◆ **TASK**
Transcribe the lines below exactly. No image belongs in the transcription.
-- PROVIDED MATERIAL follows --
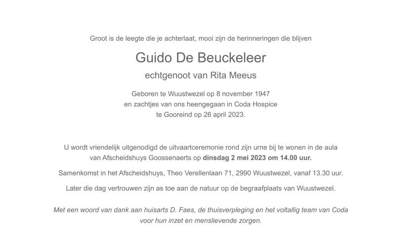 Mijn oprechte deelneming bij het overlijden van Guido , veel sterkte aan de familie en vrienden .
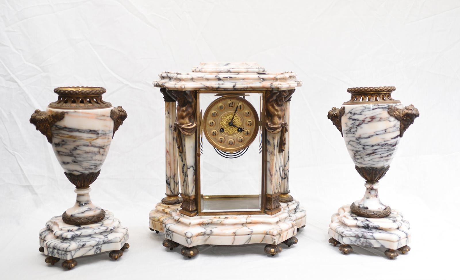 Antique French Gilt Clock Set Garniture Urns with Atlas Figures
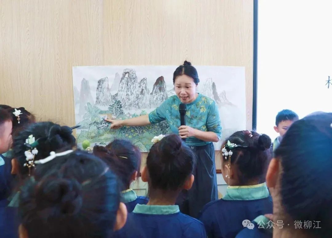 在书画展览环节,授课老师向孩子们介绍书画作品的创作背景、艺术特色以及蕴含的文化内涵。一张张稚嫩的脸庞上写满专注与兴奋,孩子们好奇地盯着国画作品,不时兴奋地指着画中的内容,惊喜地喊道:“那画里有我们的家乡!”现场气氛热烈,孩子们仿佛置身于画中世界,沉浸式地感受传统书画艺术的独特魅力。
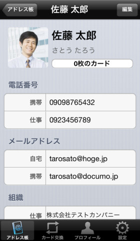 同アプリは自分の連絡先が入力されている「プロフィール・カード」をスマホ画面に表示して、フリックでカードを送り、相手から受け取ることもできるアプリ。タップひとつで大人数でも一斉にプロフィールを交換できる。カード作成はSNSのプロフィールを使うことで簡単に行える。また、タグで検索できるアドレス帳も搭載する。
-- PROVIDED MATERIAL concluded --
◆ **SOLUTION FOR THIS EXERCISE**
 Mijn oprechte deelneming bij het overlijden van Guido , veel sterkte aan de familie en vrienden .
 Antique French Gilt Clock Set Garniture Urns with Atlas Figures
 在书画展览环节,授课老师向孩子们介绍书画作品的创作背景、艺术特色以及蕴含的文化内涵。一张张稚嫩的脸庞上写满专注与兴奋,孩子们好奇地盯着国画作品,不时兴奋地指着画中的内容,惊喜地喊道:“那画里有我们的家乡!”现场气氛热烈,孩子们仿佛置身于画中世界,沉浸式地感受传统书画艺术的独特魅力。
 同アプリは自分の連絡先が入力されている「プロフィール・カード」をスマホ画面に表示して、フリックでカードを送り、相手から受け取ることもできるアプリ。タップひとつで大人数でも一斉にプロフィールを交換できる。カード作成はSNSのプロフィールを使うことで簡単に行える。また、タグで検索できるアドレス帳も搭載する。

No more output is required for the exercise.